Trump Tracker: Pioneer updates on America’s president

Kali Persall,
Managing Editor

What Happened?

On March 6, the Ways and Means Committee and the Energy and Commerce Committee approved the American Health Care Act as a replacement for the Affordable Care Act, commonly known as Obamacare.


If passed, the AHCA will repeal Obamacare by dismantling taxes, which include penalties for not having coverage, and providing tax credits between $2,000 and $14,000 a year for low-income families, among other initiatives, according to

The next step will be for the House Committee to approve the budget, which according to the Speaker of the House’s website, would only take a majority vote with Republicans holding 52 of the 100 seats. If passed, the bill would go the president for final approval.

The Ways and Means Committee is a tax-writing committee in the House of Representatives and the oldest committee in the U.S. Congress, according to their website. The Energy and Commerce Committee is the oldest legislative committee in the House of Representatives and oversees independent agencies and cabinet-level departments like the Department of Energy, the Environmental Protection Agency, the Food and Drug Administration and the Federal Trade Commission, according to the committee’s website.

A website created by the GOP for the act states that Obamacare was based on a one-size-fits-all approach that resulted in high payments, fewer options and less access. The AHCA proposes to cut the premium costs of Obamacare and increase health care options.

The legislation would also decrease federal deficits by $337 billion from $559 billion in 2017 to $222 billion in 2026, according to a cost estimate report for the act that was released by the Congressional Budget Office on Monday. The CBO expects premium costs to increase by 15 percent to 20 percent until 2020, and decrease approximately 10 percent below those of current law by 2026.

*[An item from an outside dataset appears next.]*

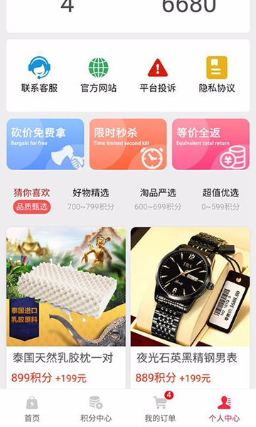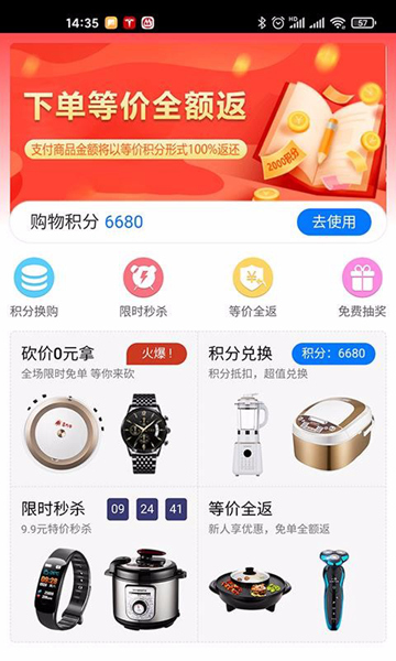 2、等价全返:精选全额返商品,购买后直接全额返还积分;

Qualifications for assistance will be based on age rather than income, according to the budget report, and insurers will also be able to charge five times more for enrollees 65 and over than younger ones.

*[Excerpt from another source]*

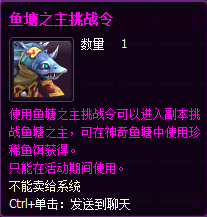 使用珍稀鱼饵垂钓时,将有几率可以钓到鱼塘之主挑战令,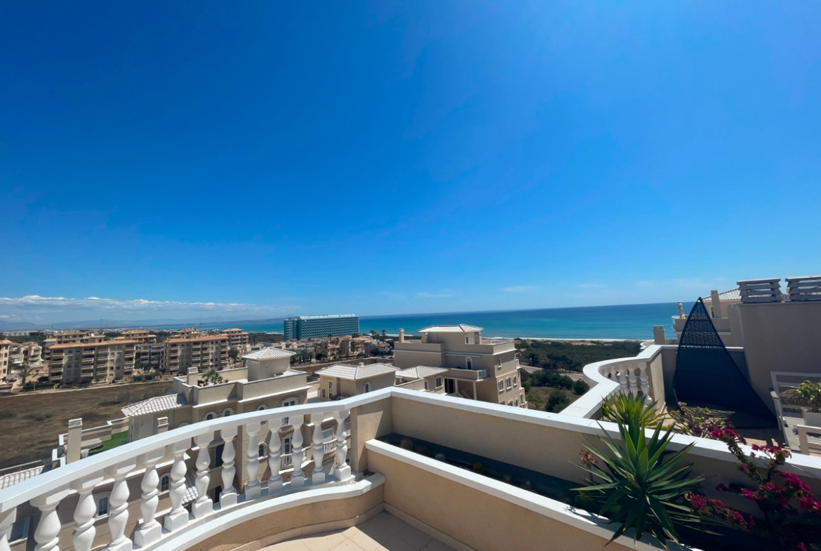 Live on the beachfront in absolute luxury!Discover this stunning duplex penthouse located in the prestigious Pórtico Mar residential complex in Guardamar del Segura. A unique opportunity to enjoy elegance, space, and breathtaking sea views.This bright and spacious property is distributed over two floors and features 2 large en-suite bedrooms, offering maximum privacy and comfort. The open-plan living and dining area is flooded with natural light thanks to large windows that create a warm and welcoming ambiance all day long.Upstairs, you'll find a private rooftop solarium with a fully equipped outdoor kitchen—perfect for al fresco dining, entertaining guests, or simply relaxing while taking in uninterrupted views of the sea and swimming pool.The penthouse also includes two stylish enclosed balconies, ideal for enjoying panoramic views year-round.Located in a beautifully maintained complex with landscaped gardens and swimming pools, this home offers a safe and peaceful environment for families and individuals alike.Its prime location, just steps from the beaches of Guardamar and close to shops, restaurants, health centers, and entertainment areas, makes it an ideal permanent residence, holiday home, or high-yield investment.???? Contact us today for more information or to schedule a viewing. ???? Don't miss this unique chance to own the penthouse of your dreams!

However the CBO estimates that 24 million people under age 65 would also be uninsured by 2020 due to higher premiums, the retraction of penalties tied to the individual mandate and cutbacks in Medicaid and non-group coverage.

By 2026, there will be 14 million fewer Medicaid enrollees in the nonmarket group, which refers to individual policies purchased through a marketplace or directly from insurers, according to the CBO.

“The current proposal neither makes healthcare a personal responsibility, as Republicans want, nor moves the country toward collective responsibility as Democrats want,” said Cal State East Bay political science Professor Emeritus David Baggins. “This makes all sides unhappy. It is not likely to pass as written. It probably will be revised.”

The bill also proposes to transition Medicaid to a per capita allotment, a designation that  would transition control over the program to the state level. This means that states would receive a fixed amount of money from the federal government based on the amount of enrollees in the program, according to the Kaiser Family Foundation.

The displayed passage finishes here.